Figure 3 Decoded MNIST 2-dimensional latent space on a "improbable" range $[-5,5]^2$. The latent space was constrained to be similar to a isometric Gaussian, and so only most extreme cases get picked up in this plot.

Deriving the Objective (M2 Case)

General Variational Principle

Following the variational principle, a lower bound on the log-evidence $p(\bx)$ (ELBO) can be derived, as was done in Vanilla-VAE paper [1]. This amounts to the following general form of a generative model with latent variables $\bl$ and data $\bx$:

\[\begin{equation} \begin{split} p(\bx) & \leq \E_{\bl \sim q(\bl|\bx)} \left [ \log p(\bx\mid\bl) - \log q(\bl\mid\bx) + \log p(\bl) \right ] \\ &= \E_{\bl \sim q(\bl|\bx)} \left [ \log p(\bx\mid\bl) \right] - \text{D}_{\text{KL}}(q(\bl|\bx) || p(\bl)) \\ \end{split} \end{equation}\]

so later we can replace $\bl$ with the set of varialbes that are considered hidden/unknown.

Case #1: Labels are Given

Following the general VAE principle, we assume that the data that is known is $(\bx, y)$, while the latent variable is $\bz$, thus substituting these quantities into (3), we compute the ELBO:

\[\begin{equation} \begin{split} \cL_{\text{labeled}}(\bx, y) &= \E_{\bz \sim q(\bz|\bx, y)} \left [ \log p(\bx, y\mid\bz) - \log q(\bz\mid\bx, y) + \log p(\bz) \right ] \\ &= \E_{\bz \sim q(\bz|\bx, y)} \left [ \log p(y\mid\bz) + \log p(\bx\mid\bz, y) - \log q(\bz\mid\bx, y) + \log p(\bz) \right ] \\ &= \log p(y) + \E_{z \sim q(\bz\mid\bx, y)} \left [\log p(\bx\mid\bz, y) \right ] - \text{D}_{\text{KL}}(q(\bz\mid\bx, y) || p(\bz)) \end{split} \end{equation}\]

No problems here: KL has a closed form expression, and the expectation is poses no problem in sampling and the prior over $y$ adds no increase (on a surface level atleast) in costs in comparison to unsupervised VAE.

Case #2: Labels not Given

It will be useful to use this fact that for a general joint probability distribution over r.v.s $x,y,$ it holds that

\[\E_{(x, y) \sim p(x) p(y|x)}[f(x,y)] = \E_{p(x)}\left[\E_{p(y|x)} [f(x,y)] \,\mid \, X = x \right].\]

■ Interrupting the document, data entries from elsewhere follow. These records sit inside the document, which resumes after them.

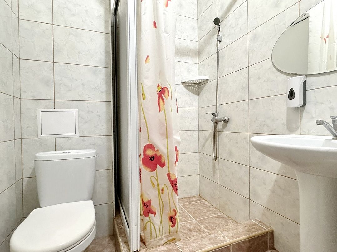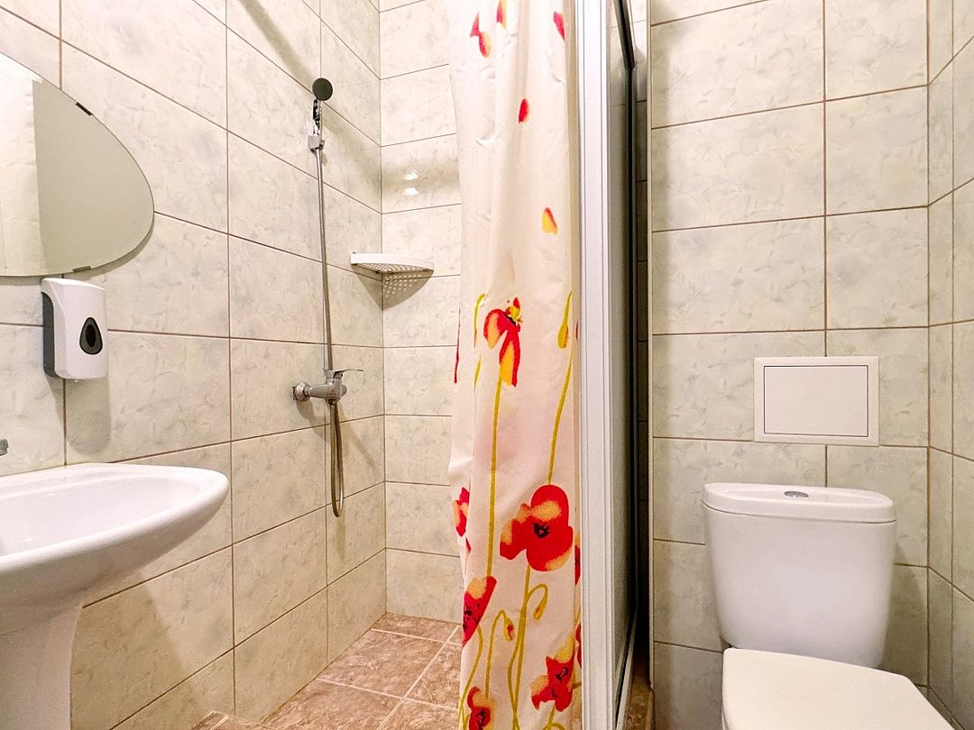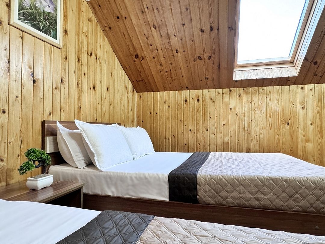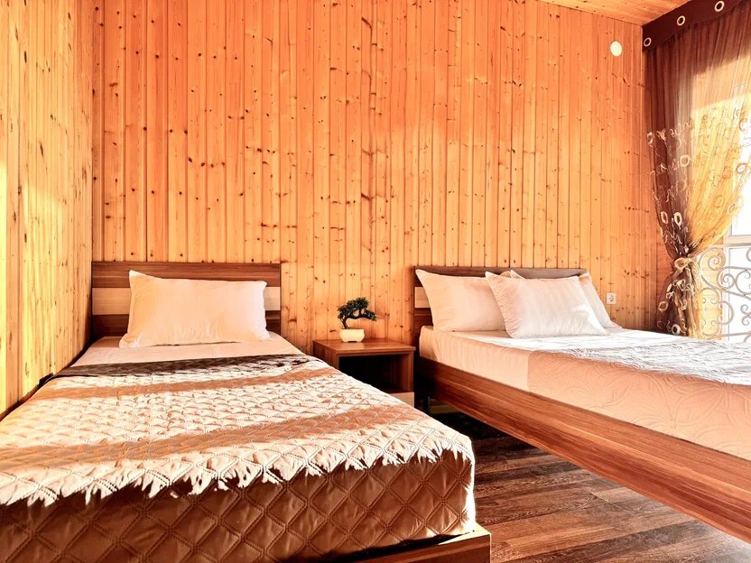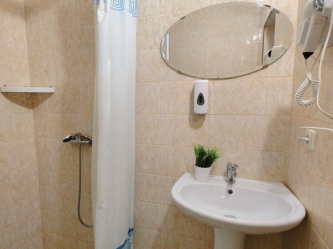 Номер оснащён: три односпальные кровати, прикроватная тумбочка, шкаф, тв, кондиционер, мини-холодильник. Маленькая ванная комната: душ, раковина, туалет.
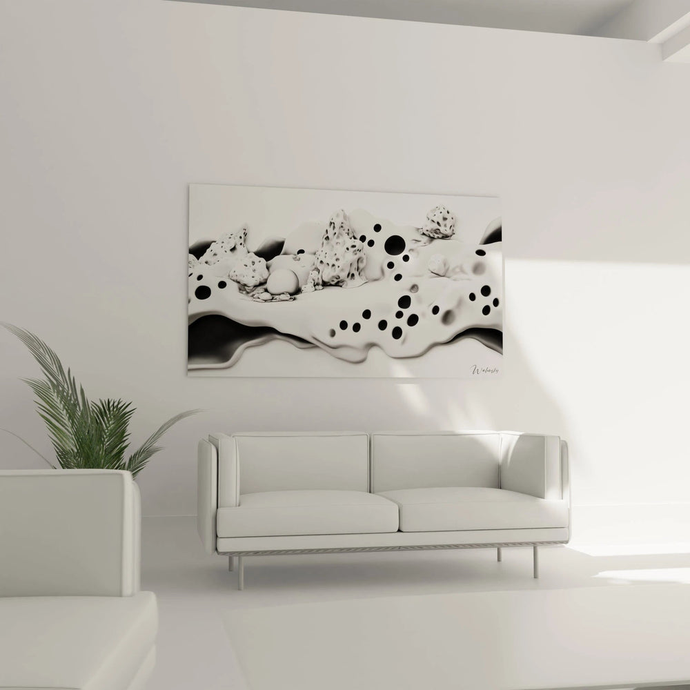 Ce tableau abstrait monochrome se distingue par sa composition organique où des formes fluides serpentent à travers un paysage de motifs ponctuels. L'œuvre présente une surface ondulante parsemée de points noirs de diverses tailles, créant un rythme visuel hypnotique sur fond blanc immaculé. Les tableau formes organiques noir blanc dominent la composition centrale, évoquant des formations rocheuses érodées ou des coulées de lave figées dans le temps. Cette décoration murale abstraite contemporaine capture immédiatement l'attention par son contraste saisissant et sa texture apparente. Les éléments distinctifs incluent des zones de densité variable où les points se concentrent ou se dispersent, créant un effet de profondeur remarquable.
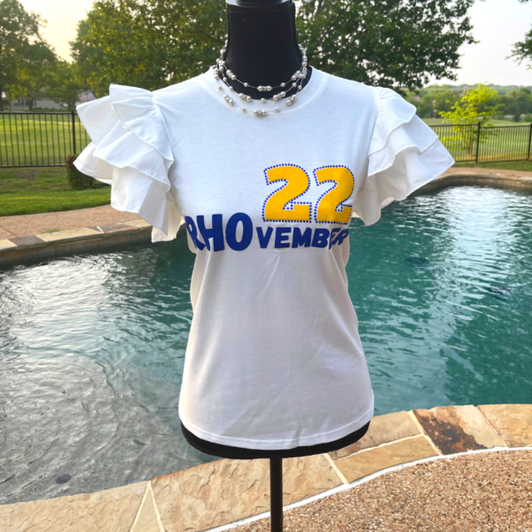 Ruffle tee with custom “Rhovember” design. True to size.
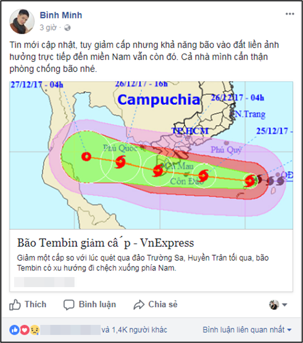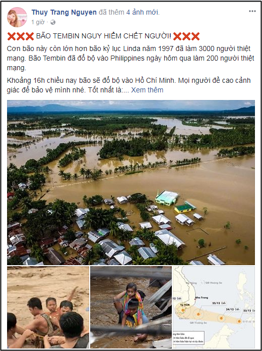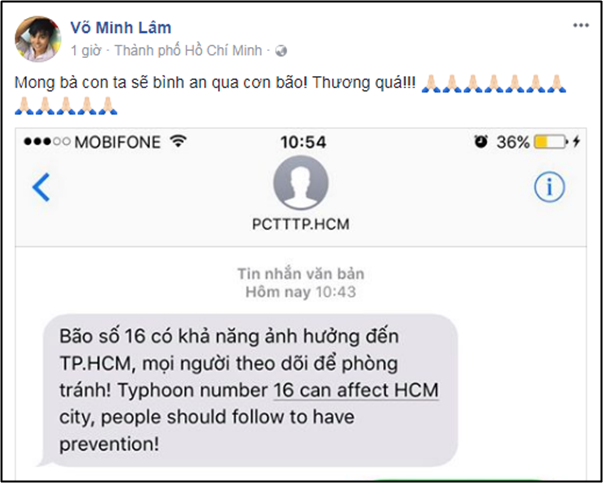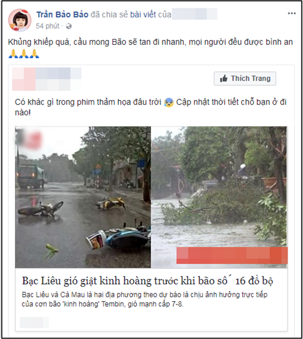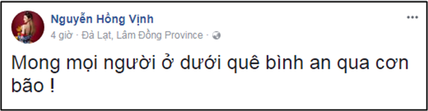 Không dừng lại ở đó, hàng loạt những thông tin cũng như cách đề phòng, phòng chống thiệt hại của cơn bão số 16 - Tembin cũng được các sao Việt cập nhật liên tục trên trang cá nhân.
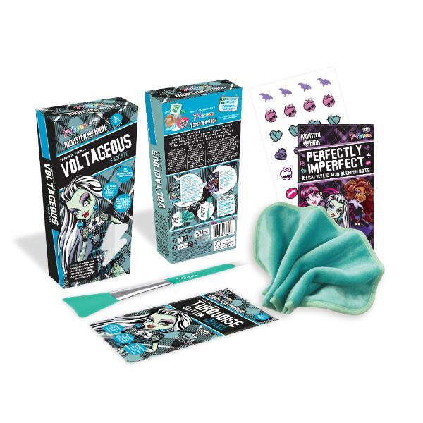 Creep it cool with our VOLTAGEOUS Frankie Stein face kit! Includes glitter peel-off mask, blemish dots, applicator, and cleansing cloth in a coffin box. Cleansed, hydrated, and creepy-cute!
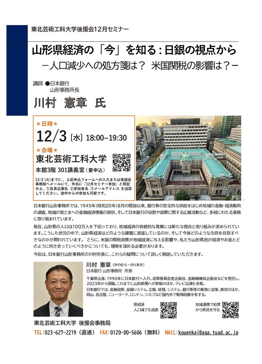 東北芸術工科大学後援会では、会員企業を対象に、経済・教育・地域課題など多彩な分野をテーマとしたセミナーを定期的に開催しています。 日本銀行は、日本の中央銀行として金融政策や物価の安定を担い、地域経済の調査・分析にも大きな役割を果たしています。今回は、山形県が直面する人口減少問題や、米国経済の動向が地域に及ぼす影響など、県内企業にとって関心の高いテーマが取り上げられる予定です。 セミナーは、12月3日(水)18時より、東北芸術工科大学 本館3階・301講義室で開催されます。会員企業の皆さまはもちろん、関心のある方はぜひこの機会にご参加ください。
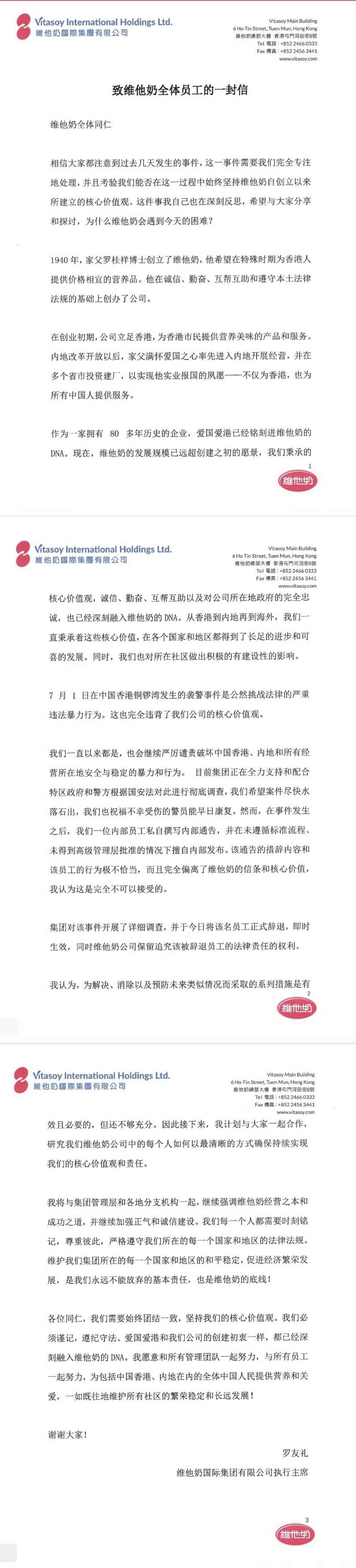 羅友禮還在信中稱,作為一家擁有80多年歷史的企業,愛國愛港已經銘刻進維他奶的DNA。他強調,嚴格遵守所在每一個國家及地區的法律法規,是集團永遠不能放棄的基本責任,也是維他奶的底綫。
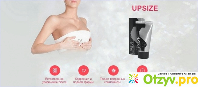 Upsize - это прекрасный крем, который помогает устранить многочисленные изъяны груди и даже помогает увеличить грудь на один два размера. Данный крем не только совершенствует состояние груди, он так же помогает улучшить состояние кожи, он идеально подходи для устранения растяжек на груди, а так же подтягивает грудь. Применяя данный крем, грудь постепенно становится более упругой, она постепенно становится более налитой, ее состояние действительно на глазах улучшается. Все это происходит только благодаря тому, что состав крема подобран таким образом, чтобы все данный свойства проявить на груди. При этом, никакого вредного влияния коем не оказывает.
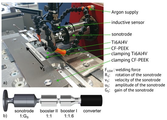 - Magin, J.; Balle, F. Solid state joining of aluminum, titanium and their hybrids by ultrasonic torsion welding. Mat. Wiss. Werkst. 2014, 45, 1072–1083. [Google Scholar] [CrossRef]
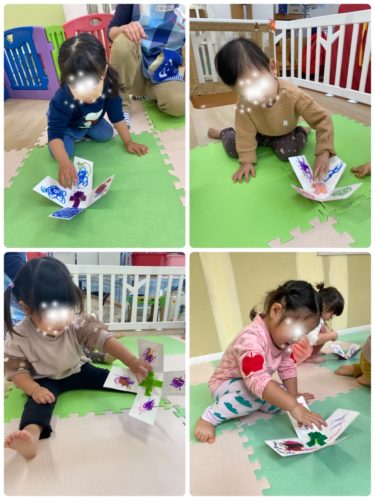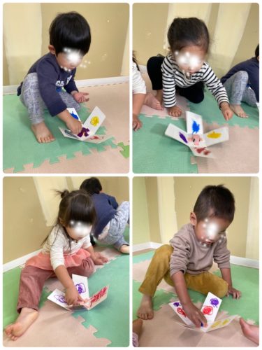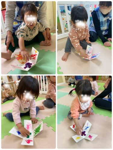 0歳児さんがフライングして遊んでいた『コマ遊び』と、あと『ふくわらい』でした☺️
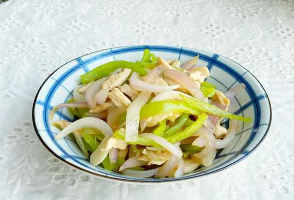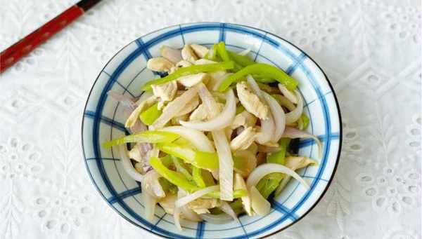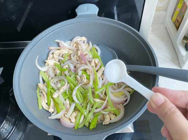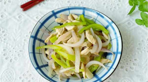 第七步:然后加入洋葱块,加入青椒块炒至碎,这样两者的香味才能融入到鸡胸肉中。

In the case when labels $y$ are not given, the set of latents become $\bl = (\bz, y)$. Writing down the ELBO and making use of the identity defined in (4) and the fact that by assumption $q(\bz, y\mid\bx) = q(y\mid\bx) q(\bz\mid\bx, y)$, yields:

\[\begin{equation} \begin{split} \cL_{\text{unlabeled}}(\bx) &= \E_{\bz, y \sim q(\bz, y|\bx)} \left [ \log p(\bx\mid\bz, y) - \log q(\bz, y\mid\bx) + \log p(\bz, y) \right ] \\ &= \E_{\bz, y \sim q(\bz, y|\bx)} \left [ \log p(\bx\mid\bz, y) - \log q(y\mid\bx) - \log q(\bz \mid\bx, y) + \log p(\bz) + \log p(y) \right ] \\ &= \E_{y \sim q(y \mid\bx)} \left [ \E_{\bz \sim q(\bz\mid\bx, y)} \left [ \log p(\bx\mid\bz, y) - \log q(y\mid\bx) - \log q(\bz\mid\bx, y) + \log p(\bz) + \log p(y) \right ] \right] \\ &= \E_{y \sim q(y \mid\bx)} \left [\E_{\bz \sim q(\bz\mid\bx, y)} \left [ \log p(\bx\mid\bz, y) - \log q(\bz\mid\bx, y) + \log p(\bz) \right ] - \log q(y\mid\bx) + \log p(y) \right] \\ &= \sum_{i=1}^{n_y} q(y = c_i | \bx) \big [\E_{\bz \sim q(\bz\mid\bx, y = c_i)} \left [ \log p(\bx\mid\bz, y = c_i) - \log q(\bz\mid\bx, y = c_i) + \log p(\bz) \right ] \\ & \qquad - \log q(y=c_i\mid\bx) + \log p(y = c_i) \big] \\ &= \sum_{i=1}^{n_y} q(y = c_i | \bx) \big [ \cL_{\text{labeled}}(\bx, y = c_i) - \log q(y = c_i | \bx) \big], \end{split} \end{equation}\]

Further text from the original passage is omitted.